* EXERCISE AIM
Start at the top of the records and, please, print each line exactly through the line that contains "ナイロン15% 裏地 ポリエステル100%", leaving out all pictures.

INFORMATION PROVIDED section start

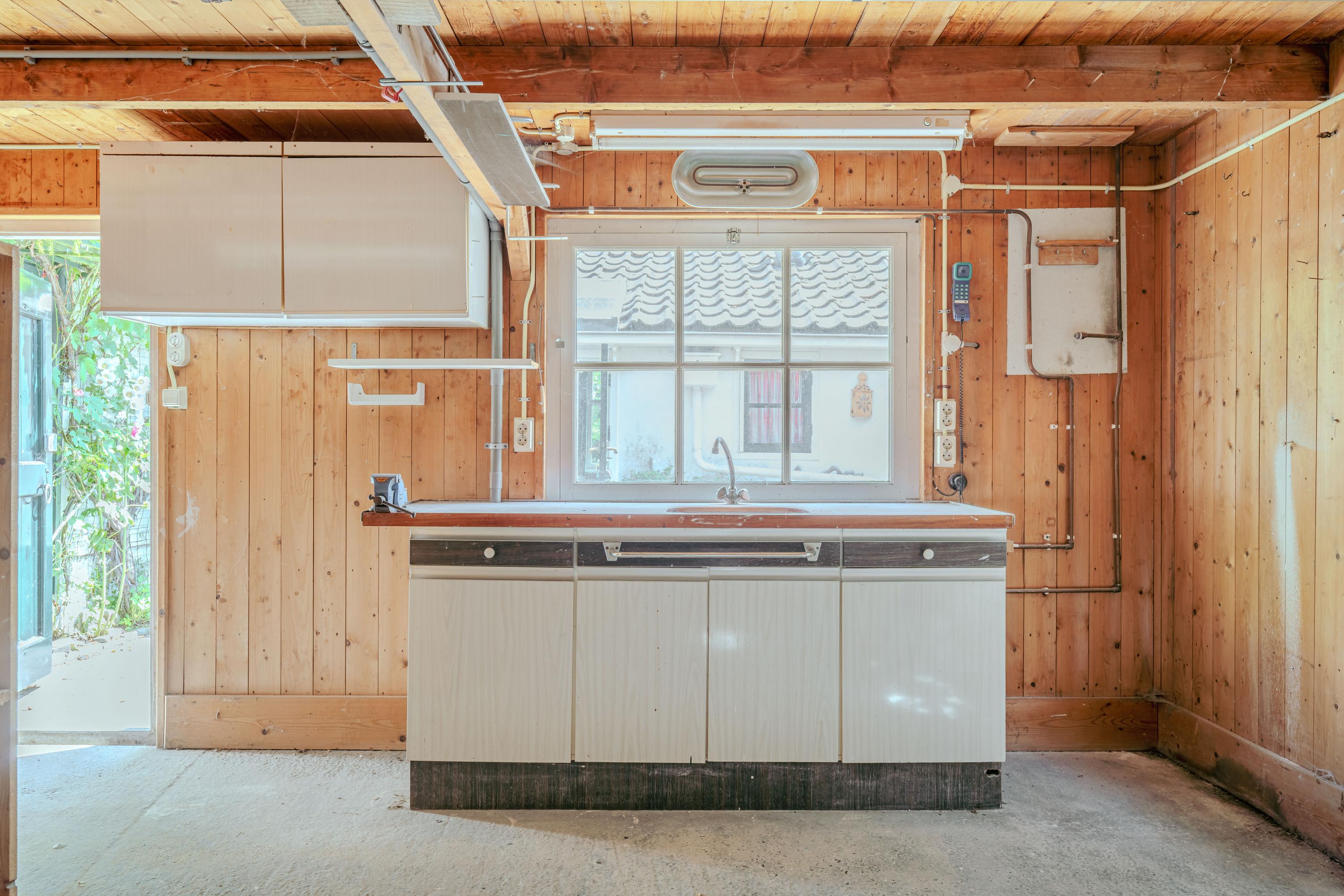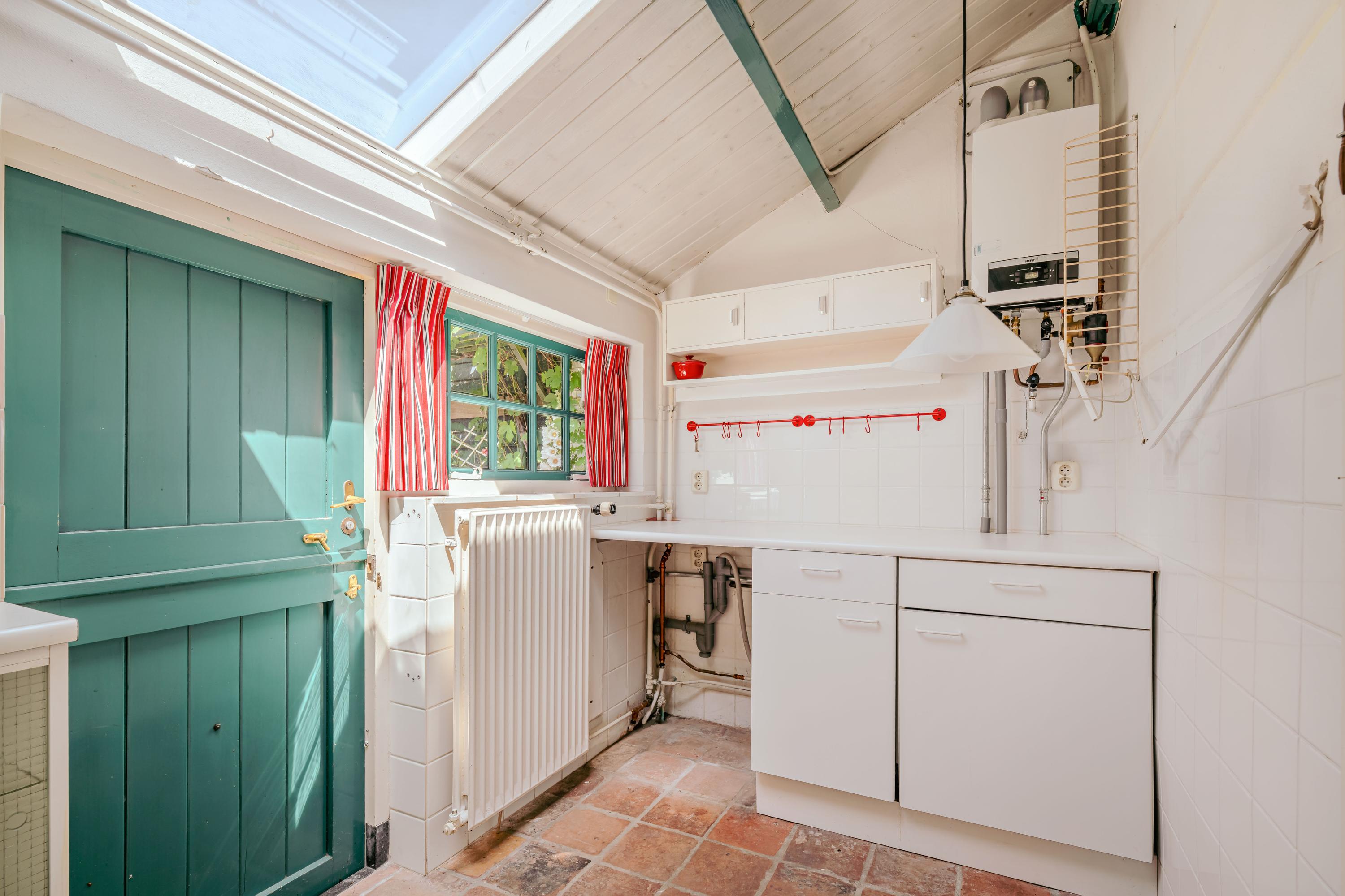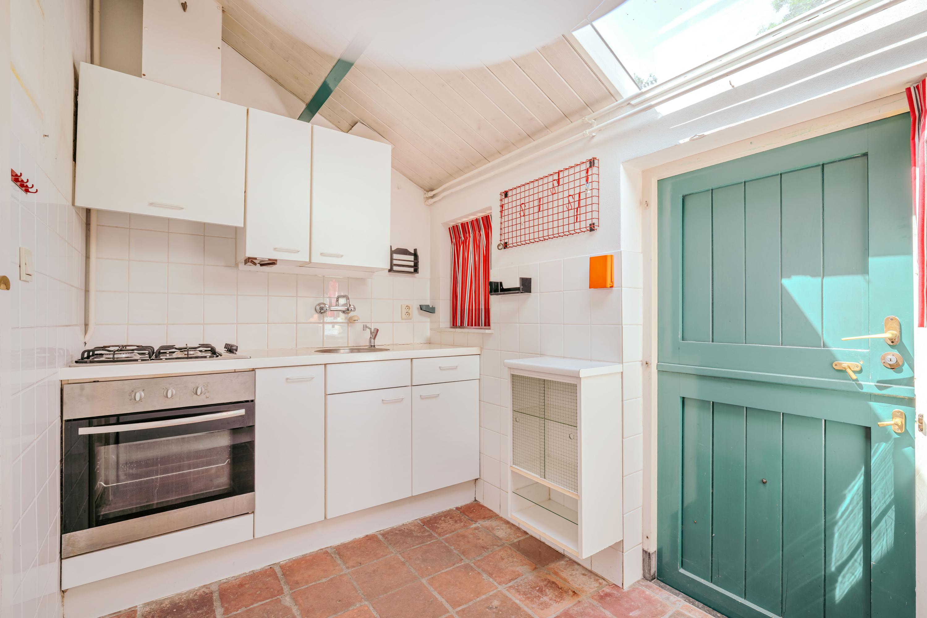 Vanaf de binnenplaats is het woonhuis toegankelijk via twee deuren. De linker deur leidt naar de keuken, waar veel daglicht binnenvalt via dakramen. De keuken is uitgerust met een spoelbak, vier gaspitten, een oven en diverse kasten en lades. Hier bevinden zich ook de cv-ketel en wasmachineaansluiting. Aansluitend ligt de woon- en eetkamer aan de voorzijde van de woning. Deze ruimte heeft houten balken, vaste kasten en ramen met uitzicht op het groen. De haard, houten afwerking en het zicht op de dijk geven de kamer een warme uitstraling. Via de hal met dakraam bereikt u het separate toilet met fonteintje en de badkamer met ligbad, douche en wastafelmeubel.
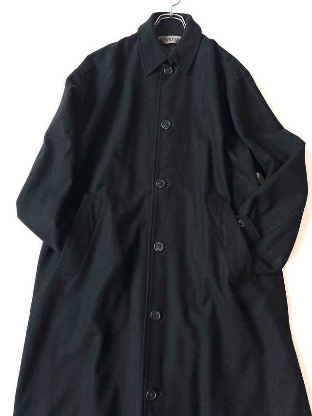 「WORKSHOP」は、メインラインである「Y's for men」よりも、もう少しカジュアルで日常的なワークウェアの要素を取り入れつつ、ヨウジヤマモトの持つ本質的な美意識を反映させたラインです。 シンプルで質の高い素材、機能的なディテール、そして着心地の良さを重視した、メインラインの哲学を受け継ぎながらも、より普段の生活に溶け込むような、親しみやすさを持つ作品です。 上質なミドルメルトンを使用し、重厚感がありながらも、体を包み込むようなゆったりとしたオーバーサイズシルエット。 当時の西洋美学、身体にフィットさせる服作りとは一線を画し、黒を基調とし、服と身体の間の空気感を大切にする山本耀司氏の美意識が反映されています。 少々の使用感や微細なキズはありますが、目立つ汚れやダメージはありません。 チンストラップのボタンは一部、代替えしてあります。 フリーサイズで男女問わず着こなしていただけます。 ブラック size FREE 着丈110cm 肩幅53cm 身幅67cm 袖丈60cm 表地 毛85% ナイロン15% 裏地 ポリエステル100%
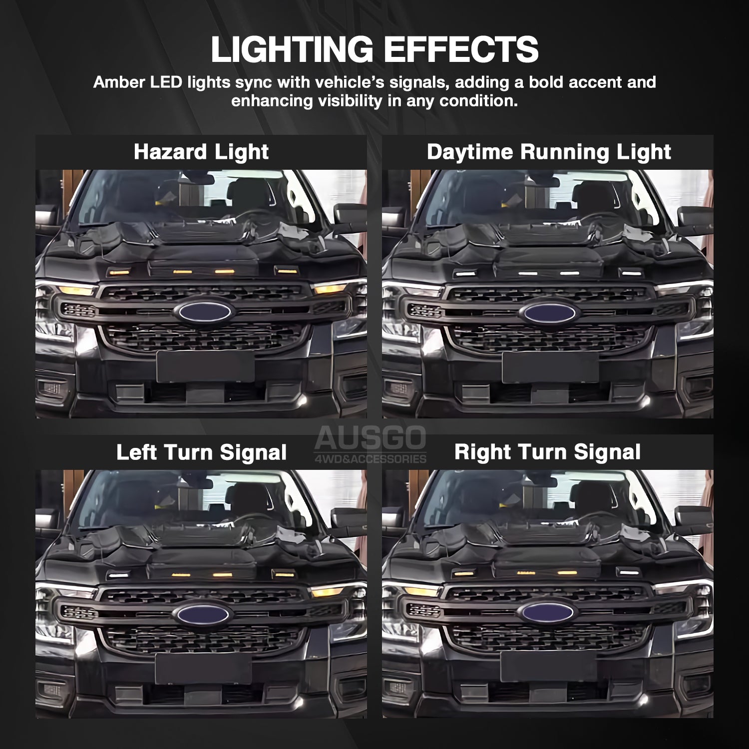 Enhance the look and protection of your Ranger with this LED light bonnet protector guard. Designed to integrate with your vehicle’s steering lights, it provides an upgraded appearance while offering durable protection against debris, rocks, and scratches.
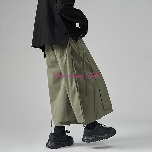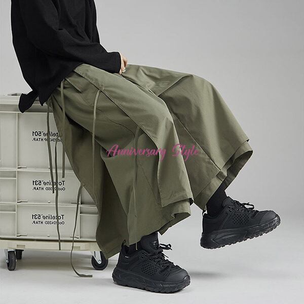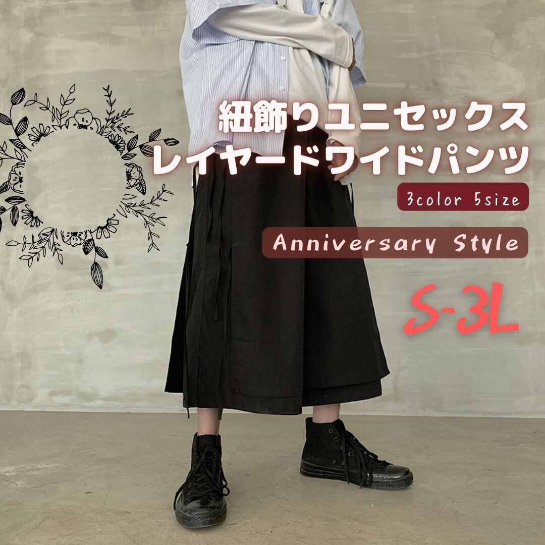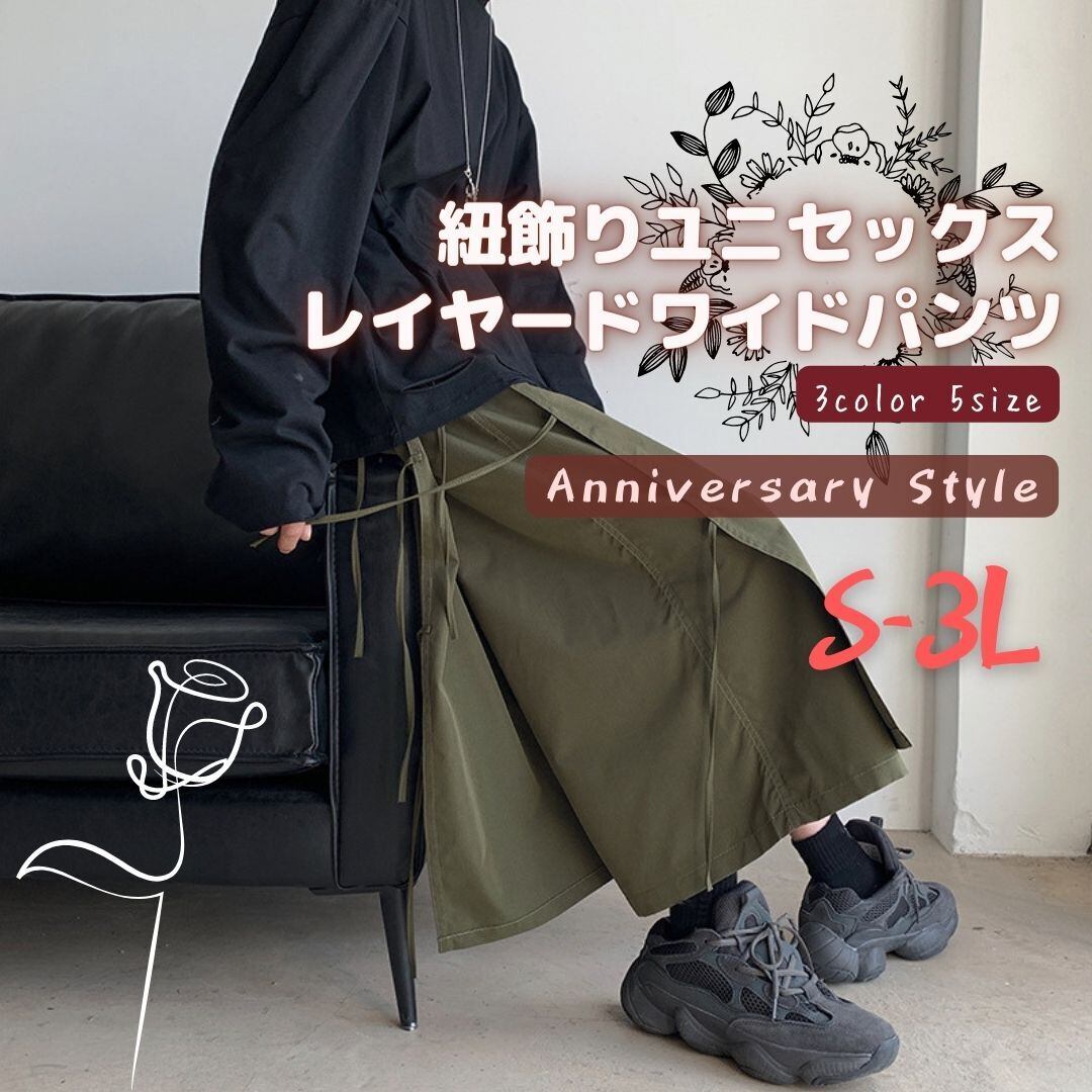 ワイドパンツ ユニセックス メンズ レディース 男女兼用 S M L 2L 3L ガウチョ 9679196 グリーンSL黒L即納 黒 ベージュ レイヤード 飾り紐
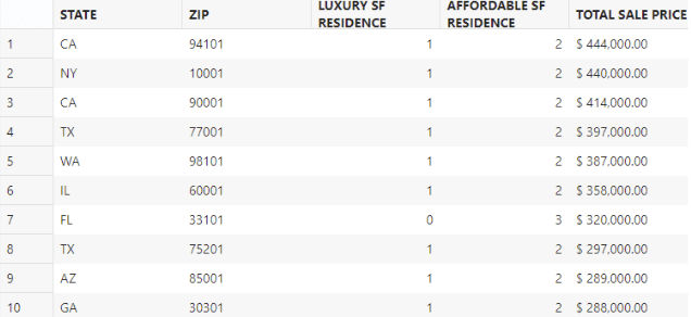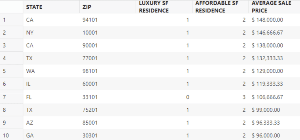 These insights shed light on the impact of zip codes on property values, offering valuable guidance to stakeholders involved in strategic decision-making. For instance, the zip code 94101 in California emerges as the most expensive with an average sale price of $148,000. Following closely is 10001 in New York, with an average of 146,666.67, 90001 in California at $138,000, and so forth. This trend persists in the total sale prices, reinforcing the notion of higher living expenses in California (zip codes 94101 and 90001) and New York (10001) compared to other states collected.
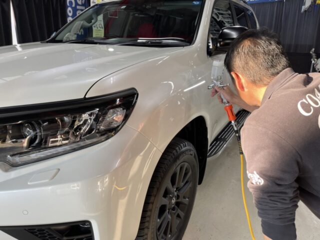 愛媛県西条市よりご来店のオーナー様、トヨタプラドTRJ150W ガラスコーティングゴールド2層コーティング施工
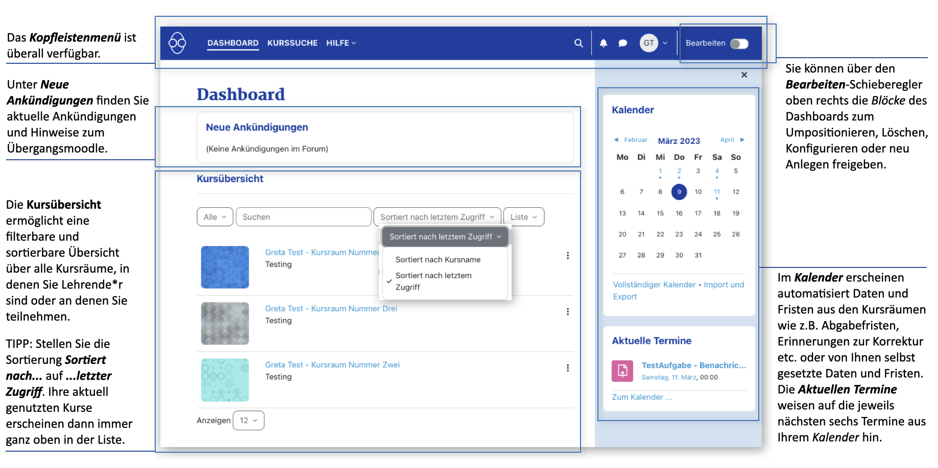Das Dashboard ist Ihre persönliche, von Ihnen gestaltbare Informationszentrale im Moodle. Es bietet Ihnen eine individuelle Übersicht über die Kurse, in denen Sie Lehrende*r sind, als auch die, an denen Sie teilnehmen.
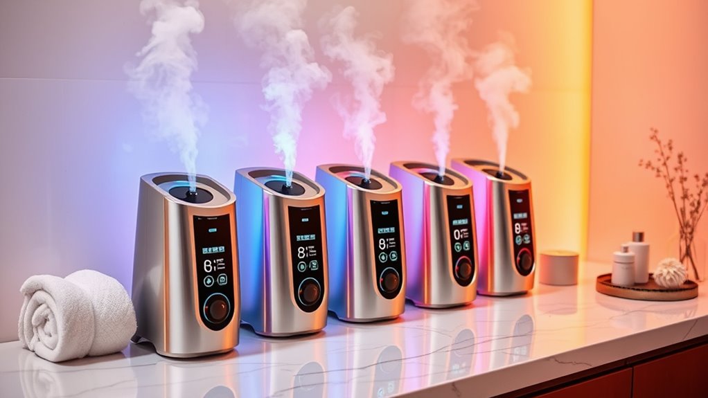 Ever wondered what makes a luxury facial steamer truly effective? It’s all about steam quality and intensity. A top-quality steamer produces a fine, steady mist at a consistent temperature, helping to open pores and thoroughly cleanse your skin. Adjustable intensity controls are essential—they let you customize the steam flow based on your skin type and treatment needs. High-pressure steam boosts product penetration and treatment results, making the experience more effective. The heating system’s capacity and speed determine steam stability and safety, ensuring the right temperature without discomfort. Additionally, features like ozone or aromatherapy options can enhance steam purity and add therapeutic benefits. Overall, the perfect balance of steam quality and intensity elevates your skincare routine, delivering visible, radiant results.
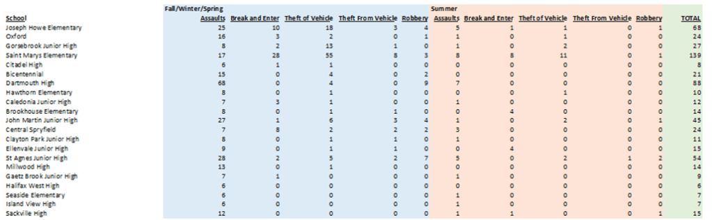 Summarized statistics of that FOIPOP release are as follows. The Department of Education and Early Childhood Development does not publish lower numbers than 11 due to privacy reasons. Why? Evidently, it’s easier to determine someone’s identity if the number is low. Any number between 1 and 10 will be signified by blanks. Any number omitted by the FOIPOP response is assumed to be zero. This does not affect the sexual harassment and sexual misconduct summaries much, however insight into sexual assault totals is very much blurred. Please note, this is not what was asked for. The Department of Education and Early Childhood Development provided an additional breakdown by grade which unfortunately makes finding the actual totals impossible.

INFORMATION PROVIDED section end

* RESPONSE AREA
 Vanaf de binnenplaats is het woonhuis toegankelijk via twee deuren. De linker deur leidt naar de keuken, waar veel daglicht binnenvalt via dakramen. De keuken is uitgerust met een spoelbak, vier gaspitten, een oven en diverse kasten en lades. Hier bevinden zich ook de cv-ketel en wasmachineaansluiting. Aansluitend ligt de woon- en eetkamer aan de voorzijde van de woning. Deze ruimte heeft houten balken, vaste kasten en ramen met uitzicht op het groen. De haard, houten afwerking en het zicht op de dijk geven de kamer een warme uitstraling. Via de hal met dakraam bereikt u het separate toilet met fonteintje en de badkamer met ligbad, douche en wastafelmeubel.
 「WORKSHOP」は、メインラインである「Y's for men」よりも、もう少しカジュアルで日常的なワークウェアの要素を取り入れつつ、ヨウジヤマモトの持つ本質的な美意識を反映させたラインです。 シンプルで質の高い素材、機能的なディテール、そして着心地の良さを重視した、メインラインの哲学を受け継ぎながらも、より普段の生活に溶け込むような、親しみやすさを持つ作品です。 上質なミドルメルトンを使用し、重厚感がありながらも、体を包み込むようなゆったりとしたオーバーサイズシルエット。 当時の西洋美学、身体にフィットさせる服作りとは一線を画し、黒を基調とし、服と身体の間の空気感を大切にする山本耀司氏の美意識が反映されています。 少々の使用感や微細なキズはありますが、目立つ汚れやダメージはありません。 チンストラップのボタンは一部、代替えしてあります。 フリーサイズで男女問わず着こなしていただけます。 ブラック size FREE 着丈110cm 肩幅53cm 身幅67cm 袖丈60cm 表地 毛85% ナイロン15% 裏地 ポリエステル100%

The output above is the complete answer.